Todavía podíamos oír aquel silencio que imaginábamos. Era un silencio espeso, donde se habían diluido secretos, delaciones, traiciones a los demás y a uno mismo, represiones de toda calaña (políticas, religiosas, sexuales), un silencio que sabía a desgracia y a impotencia, a renuncia, a inercia, a alcohol, a embrutecimiento. Un silencio de callejón con basura. Hasta las estrellas parecían encajadas en las farolas. Y el mismo cielo, que liberara la vista, estaba encajado en una esfera (de silencio opresivo) llamada España.
De la literatura nos llegaba aquel sueño acaso injusto, pero reforzado por nuestros padres y abuelos, propensos en la mayoría de los casos a no hablar mucho del pasado. Aquel libro de Martín-Santos, publicado al final de su vida, saciaba nuestras ansias de saber, y además nos trasladaba a lugares y a gente invisible. Necesitábamos borrar lo invisible. El gran misterio de nuestras vidas era precisamente nuestra propia historia. Éramos los hijos del velo, los hijos de antepasados esquivos. Ser hijos de nuestro tiempo era ser hijos del silencio.

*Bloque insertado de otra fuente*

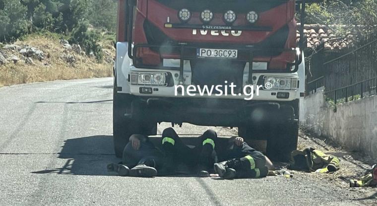 Κάποιοι Πολωνοί πυροσβέστες, αποκαμωμένοι από τη μάχη με την πύρινη λαίλαπα, ξέκλεψαν λίγο χρόνο για να ξεκουραστούν κατά γης, στον ίσκιο μπροστά από το πυροσβεστικό τους όχημα.

Han pasado más de 30 años de mi lectura de aquel libro, y de que mirara a través de ella mi país y mi gente. Desde entonces, aquel silencio se fue despejando como un mar de nubarrones atrapados por la montaña de la Historia. Llovió, diluvió, disparamos al cielo. Costó, pero conforme se consolidaba la Democracia en España, periodistas, historiadores y novelistas hicimos de aquel silencio el centro de nuestras pesquisas y creaciones. También los políticos lo llenaron de palabras, a veces en busca de justicia y, en la mayoría de los casos, en busca de poder.

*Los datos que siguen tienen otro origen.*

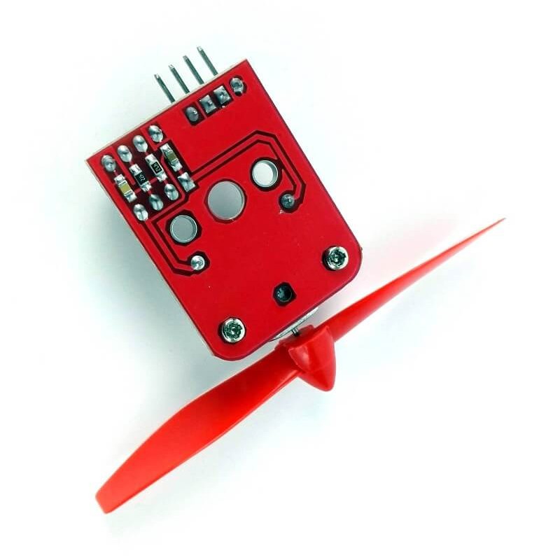 L9110 Fan Module 5V Compatible Arduino Deskripsi L9110 Fan Module 5V Compatible Arduino for robot pemadam pemadam lilin 100% Brand new and high quality; Designed for fire fighting robot and adopt 9110 H as the bridge drive Can be used with steering engine to control the wind direction Can control positive and negative going motion easily. High quality propeller,high efficiency Can be easily blow out the lighter flame(beyond 20 cm) Working Voltage: 5V Color: Red + white + black Size:Approx.34 x 26 x 12mm/1.33*1.02*0.47inch(excluding propeller) Propeller Diameter : Approx. 75mm / 2.95 inch

El mundo en el que vivíamos se fue haciendo ruidoso. Poco a poco, año a año. Gobierno a gobierno. Unas palabras discutían con otras, se juntaban para enladrillarse y construir teorías y certezas, visiones maniqueas de la sociedad que comenzaron a competir por ocupar el espacio del viejo silencio. Un espacio que se multiplicaba en libros, en periódicos, en tribunas, parlamentos, ayuntamientos, páginas de Internet, redes sociales, y sobre todo en las mentes de los habitantes de España, donde los pensamientos y emociones se fundían en fortines incontestables. En esquemas de ruido, que nuestros representantes escenificaron de manera ejemplar en los debates para las elecciones generales de 2019. Aquel silencio antiguo (ma non troppo) se había transformado en palabras que servían únicamente para no entendernos.

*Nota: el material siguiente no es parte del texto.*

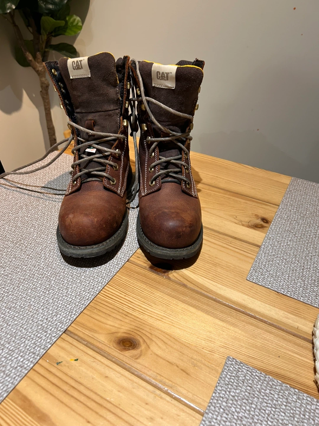 Selling a pair of CAT work boots in brown leather. They're in good condition.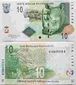 AFRYKA 10 RAND 2009 P 128 b UNC NOSOROŻEC

De modo que el silencio ha vuelto a hacerse necesario. Pero no aquel plomo mudo y doloroso que Martín-Santos convirtió en una novela imprescindible de una época, sino un silencio generoso, lleno de escucha, respeto y atención. Un silencio limpio para los ojos y para el entendimiento. Un silencio sereno para volver a saber. Solo con él podremos volver a escribir, entre todos, una novela que esté a la altura de nuestra Historia.